- To do -
Please write out only the lines from the one containing "合同包3(紫阳县补建3.02" through the last line of the listing. Do not include pictures.

- Dataset content -
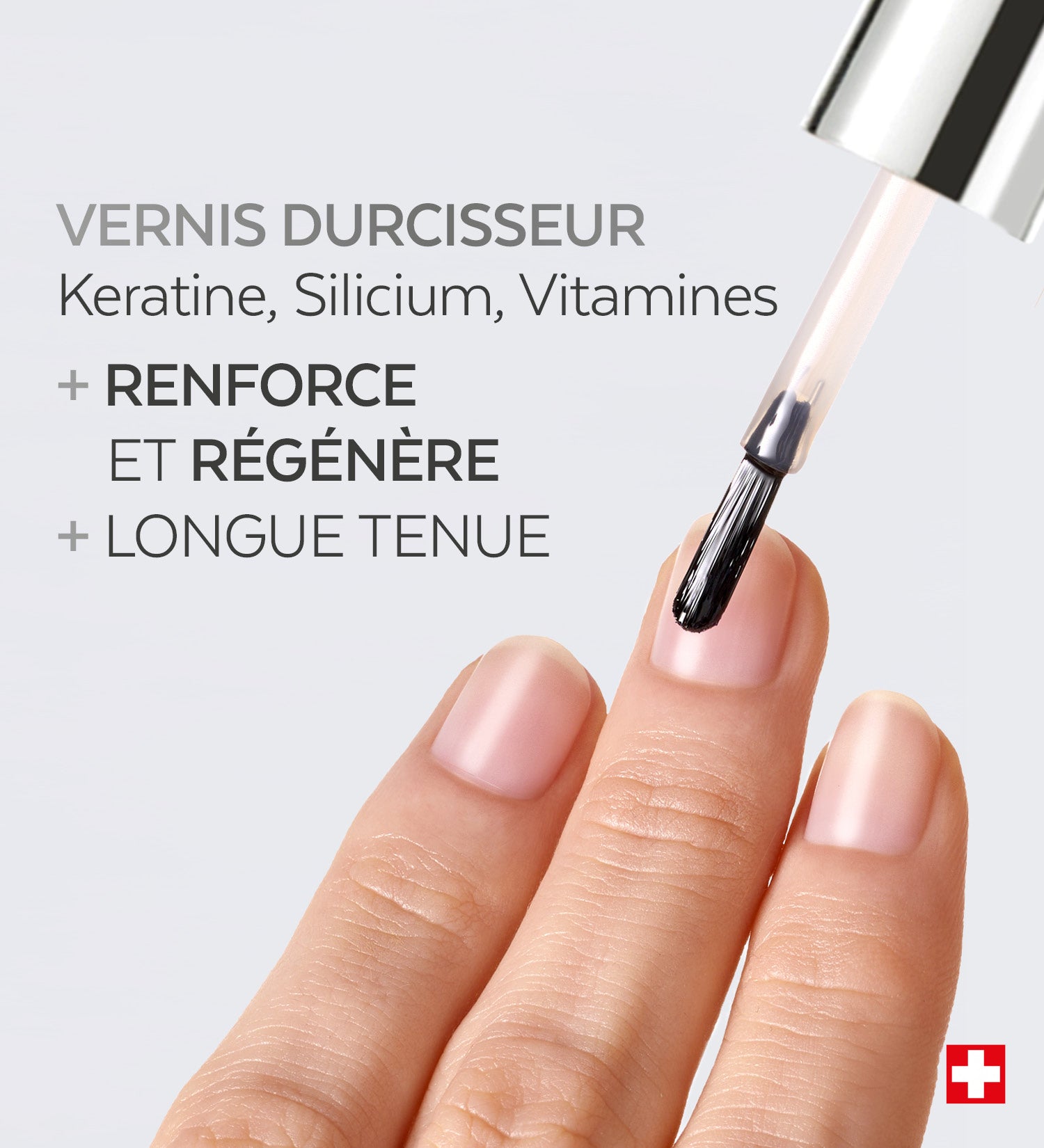 La base permet de protéger et renforcer l’ongle, tout en offrant une meilleure adhérence du vernis. Elle prolonge ainsi la durée de vie du vernis.
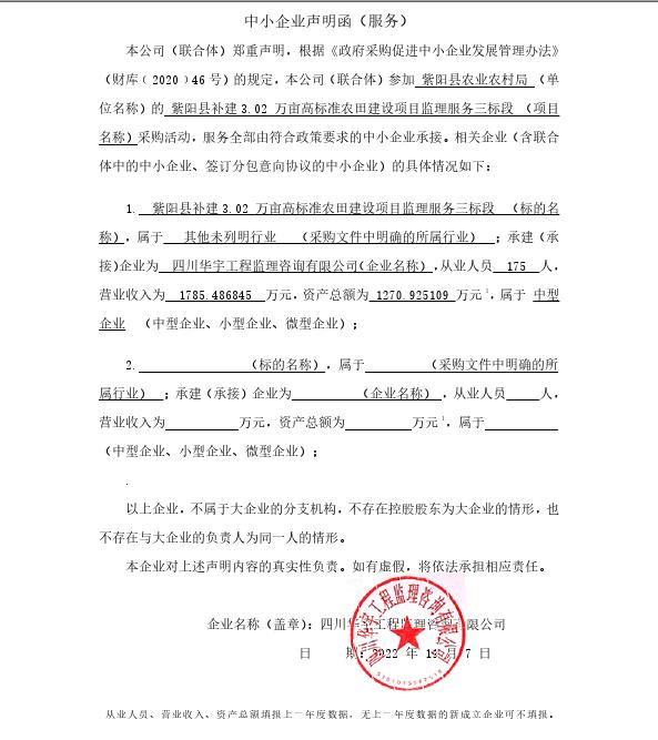 合同包3(紫阳县补建3.02万亩高标准农田建设项目监理服务三标段): 服务类(四川华宇工程监理咨询有限公司)
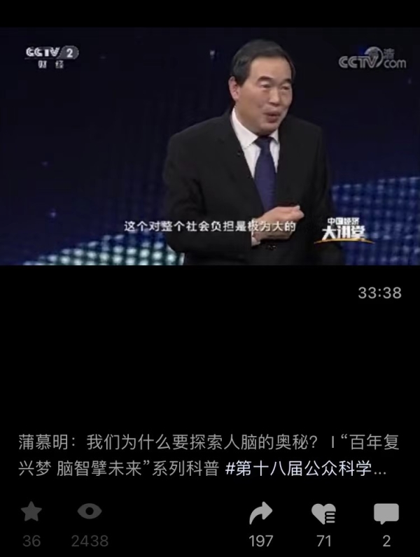 “科學家視角”通過官方視頻號“腦科學與智能技術”,為公眾呈現了蒲慕明院士的科普講座“我們為什么要探索人腦的奧秘”,詳細解讀了腦疾病是如何產生的,新的科研成果將如何更好地預防和治療腦疾病,未來腦科學與智能技術融合發展的方向等多個方面,效果不亞于現場傾聽。

- Answer to this exercise -
 合同包3(紫阳县补建3.02万亩高标准农田建设项目监理服务三标段): 服务类(四川华宇工程监理咨询有限公司)
 “科學家視角”通過官方視頻號“腦科學與智能技術”,為公眾呈現了蒲慕明院士的科普講座“我們為什么要探索人腦的奧秘”,詳細解讀了腦疾病是如何產生的,新的科研成果將如何更好地預防和治療腦疾病,未來腦科學與智能技術融合發展的方向等多個方面,效果不亞于現場傾聽。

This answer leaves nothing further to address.